-- Data to examine follows --

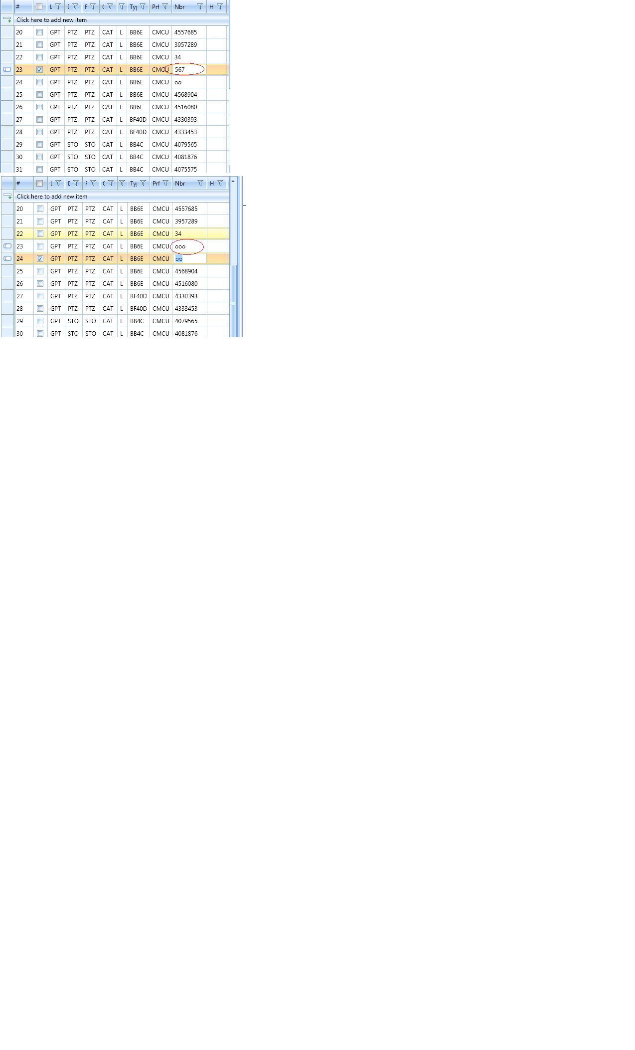 Some of the rows in the gridview is becoming readonly(Edited values are getting restored to older value when curser moved to next position) while editing(not all rows).
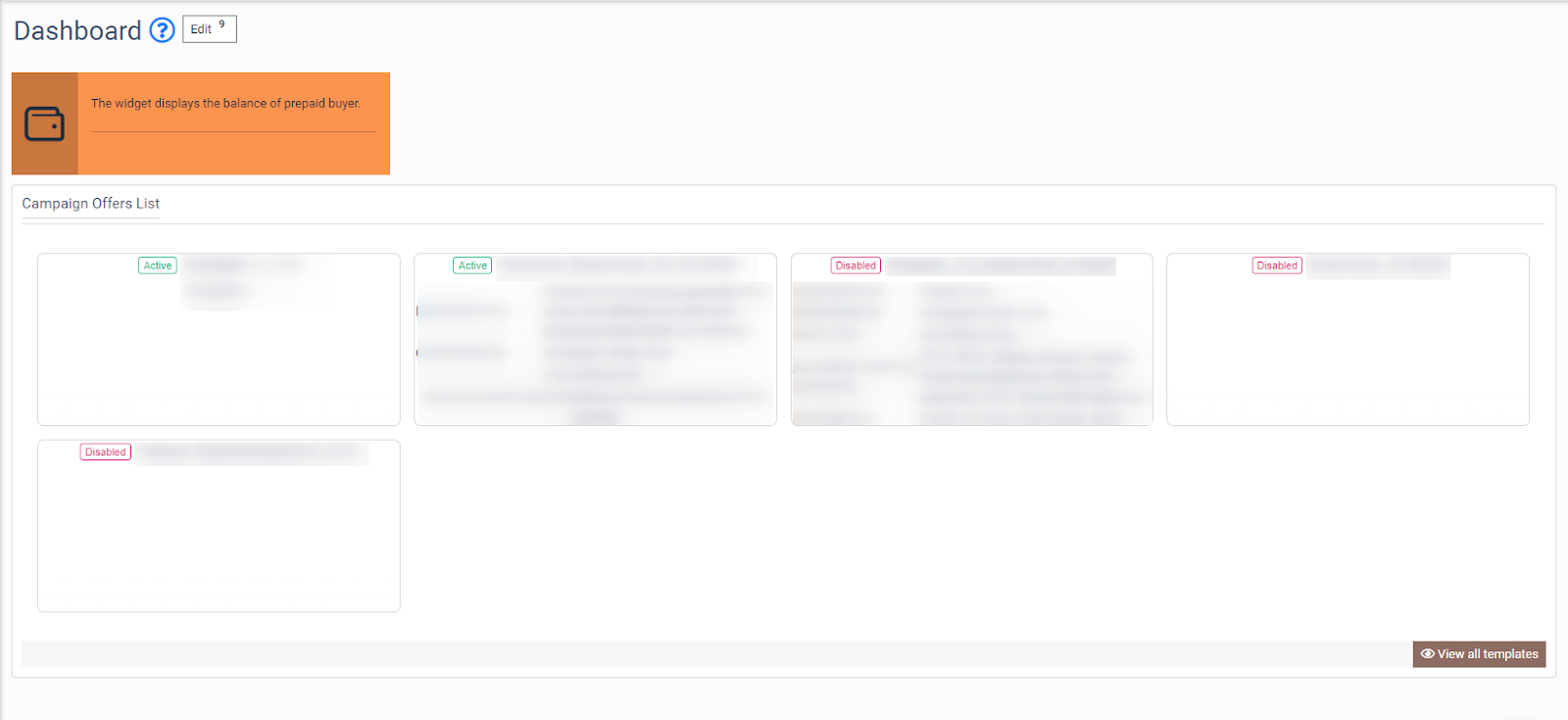 The system will forward you to Dashboard, where you can view the widgets with all Deals available for the corresponding Buyer Editor user.
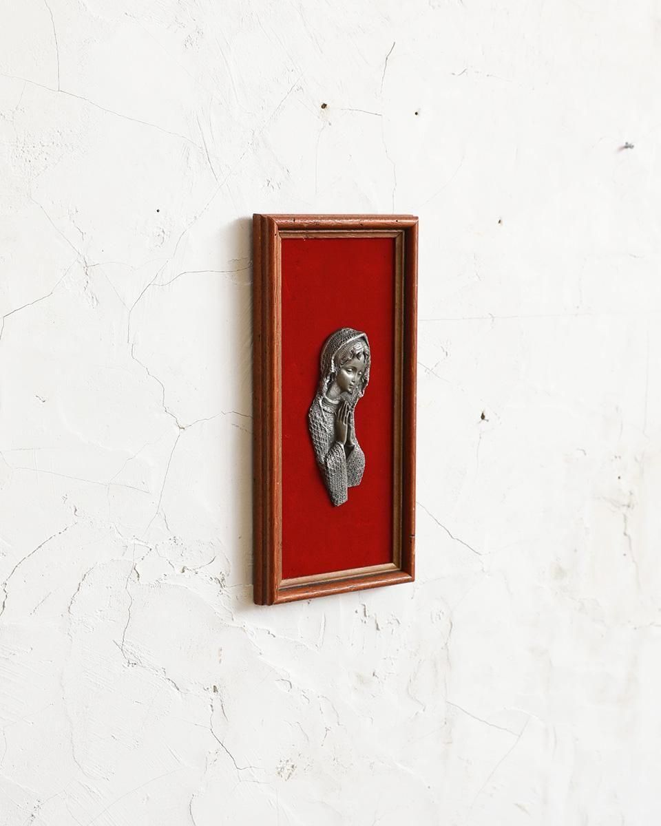 赤色のベルベッド生地とその周りを囲むシンプルな
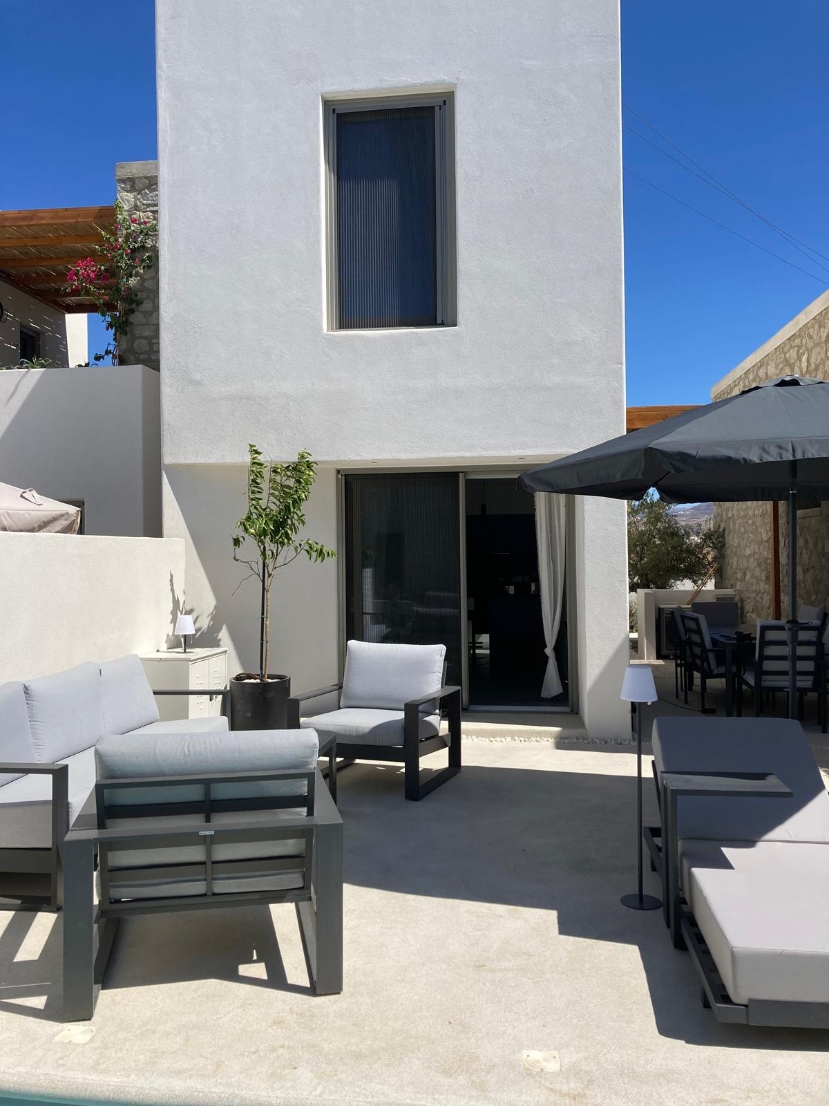 Welcome to Fyrōi on the island of Naxos! We are a complex of three two-story maisonettes with private swimming pools located in Kapares settlement in Agia Anna. The houses combine traditional island style with boho touches, creating a warm atmosphere that makes guests feel at home. We are located 800 meters from Agia Anna Beach and 900 meters from Plaka Beach. The distance to Agia Anna is a 10-minute walk, and to Plaka it’s a 15-minute walk.
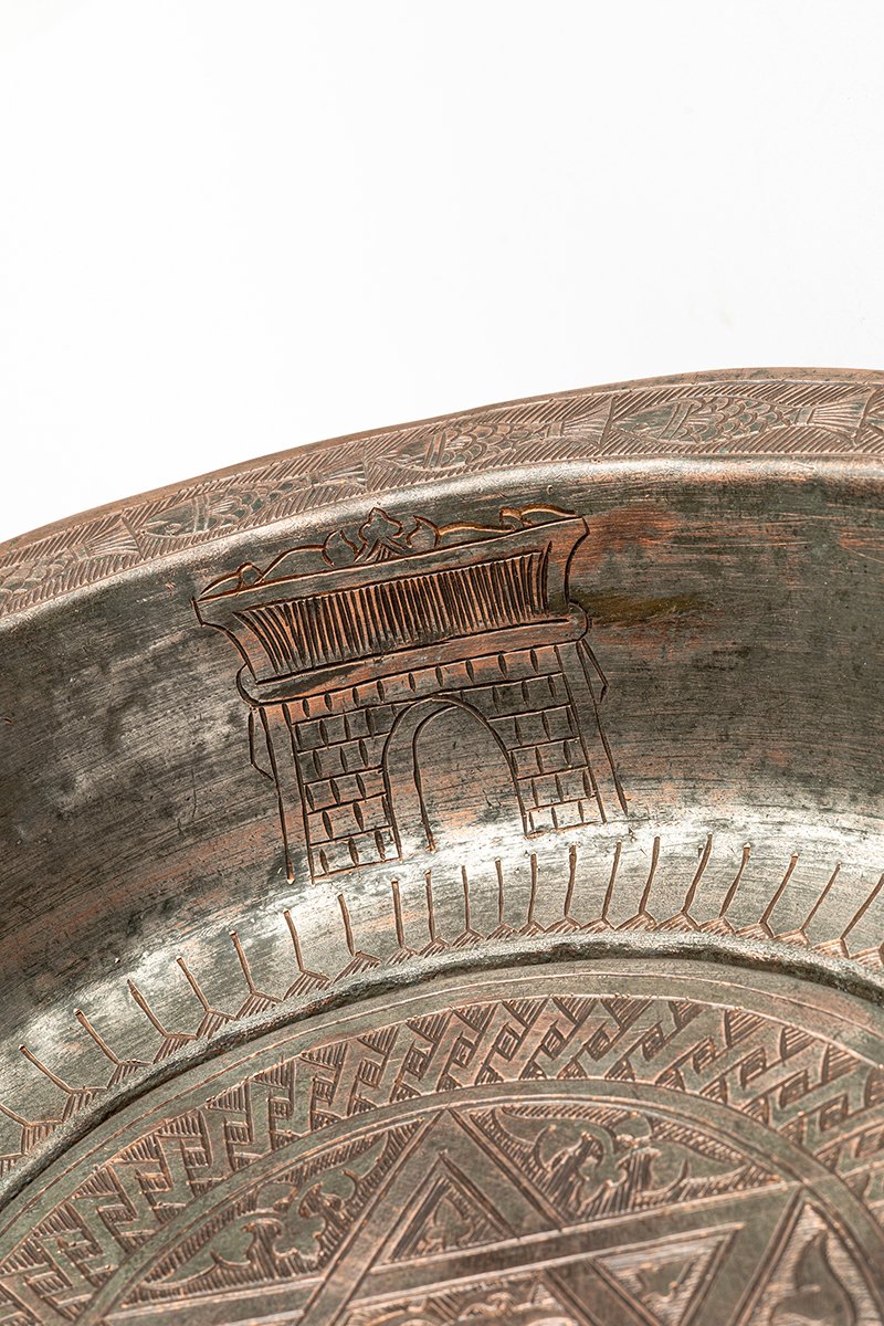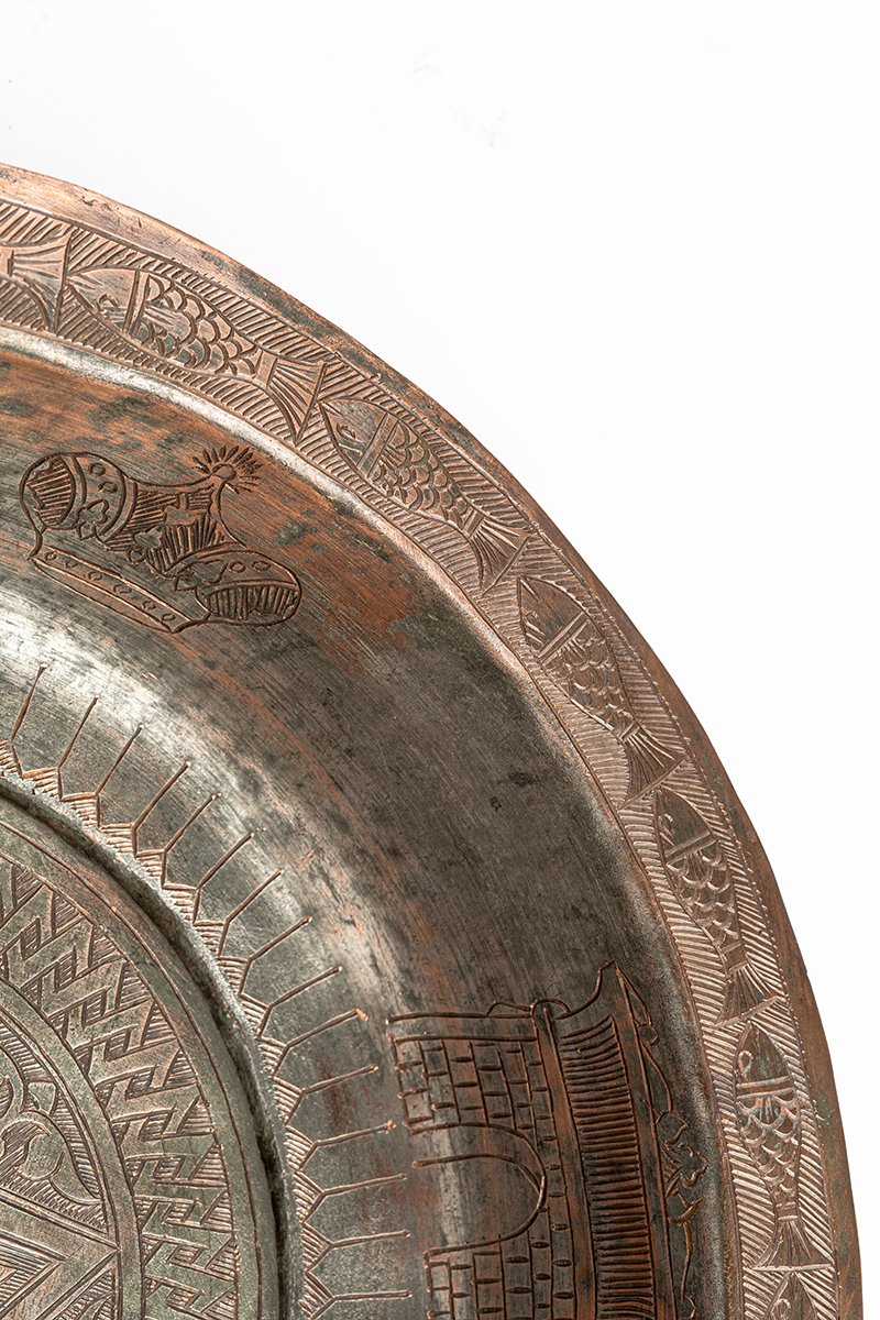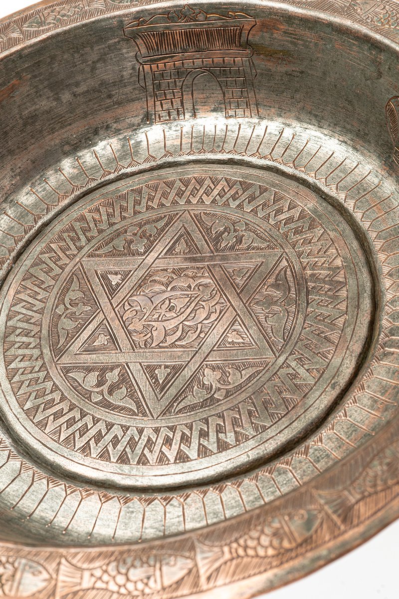 This basin is not merely a vessel for water or offerings; it is a microcosm in metal. At its center, the star and rosette symbolize unity and cosmic balance. Around them, flames, crowns, gates, and fish embody light, power, passage, and abundance. The protective geometry at the edge holds the cosmos intact. In this vision, the basin becomes a mirror of harmony, binding the celestial with the earthly, the sacred with the utilitarian.
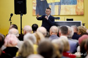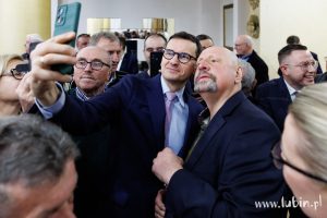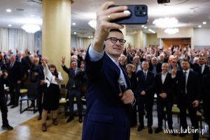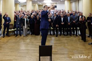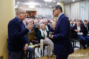 – Tych inwestycji było na 150 miliardów złotych. W samym tylko Lubinie i w powiecie lubińskim to była kwota 500-600 milionów złotych. A wiecie, ile jest zaplanowane dla tego powiatu na kolejny rok? 5 milionów. Widzicie różnicę? Gdzie są ludzie, którzy się na to będą oburzać? Gdzie jest gniew ludu, gniew narodu, poruszenie, które zmusi ten rząd do reakcji? Jest w waszych rękach – podkreślał, deklarując jednocześnie: – Będę toczył codziennie jedną bitwę z tym złym rządem, reżimem. Nie ma mojej zgody na de facto kolonizowanie polskiej gospodarki przez zachodnioeuropejskie koncerny, niszczenie polskiego rolnictwa w wyniku umowy Mercosur. Nasz program, program Prawa i Sprawiedliwości jest programem bardzo nowoczesnego, szybkiego rozwoju. W głębszym sensie składa się z dwóch fundamentalnych części. To jest jednocześnie moja filozofia patrzenia na prawicę, na Prawo i Sprawiedliwość. Wszyscy jesteśmy polskimi patriotami. Kochamy polską historię, naszych bohaterów. Kochamy polskie dzieje, flagę biało-czerwoną, godło. Jesteśmy z tego wszystkiego dumni. Jesteśmy dumnymi Polakami. To jest nasza tożsamość i to jest jedno z dwóch płuc, którymi oddychamy. To jest też moje credo polityczne. Wierzę w taką prawicę, która będzie dumna z Polski, z wiary chrześcijańskiej jako podstawy, jako fundamentu naszej cywilizacji. We współczesnym świecie nie ma suwerenności, nie ma silnego państwa. Czas spokoju się skończy. Teraz musimy mieć sprawny, dobry rząd, który rozumie te wszystkie zjawiska gospodarcze, rozumie, co się z czego bierze, dba o polskich przedsiębiorców, tych państwowych i tych prywatnych, dba o to, żeby gigantyczny budżet zbrojeniowy, szedł na polskie przedsięwzięcia. Wszystko to musi służyć Polsce. I wiemy, jak to zrobimy, ale dzisiaj ktoś inny rządzi i widzę, jak przez palce przeciekają niestety te wszystkie szanse. Dlatego musimy się zjednoczyć – zwrócił się Mateusz Morawiecki do zgromadzonych w sali osób.
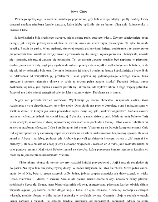 W styczniowej edycji konkursu literackiego „Tworzę, więc jestem”, zwyciężyła praca Poli Klinowskiej z klasy VI a. Serdecznie jej gratuluję i zapraszam wszystkich do lektury opowiadania pt. „Nowa Chloe”.

-- Data to examine concluded --

** Required work **
The line with "赤色のベルベッド生地とその周りを囲むシンプルな" marks the end: restate word for word every line from the top of the data through that one, omitting pictures.

** Response area **
 Some of the rows in the gridview is becoming readonly(Edited values are getting restored to older value when curser moved to next position) while editing(not all rows).
 The system will forward you to Dashboard, where you can view the widgets with all Deals available for the corresponding Buyer Editor user.
 赤色のベルベッド生地とその周りを囲むシンプルな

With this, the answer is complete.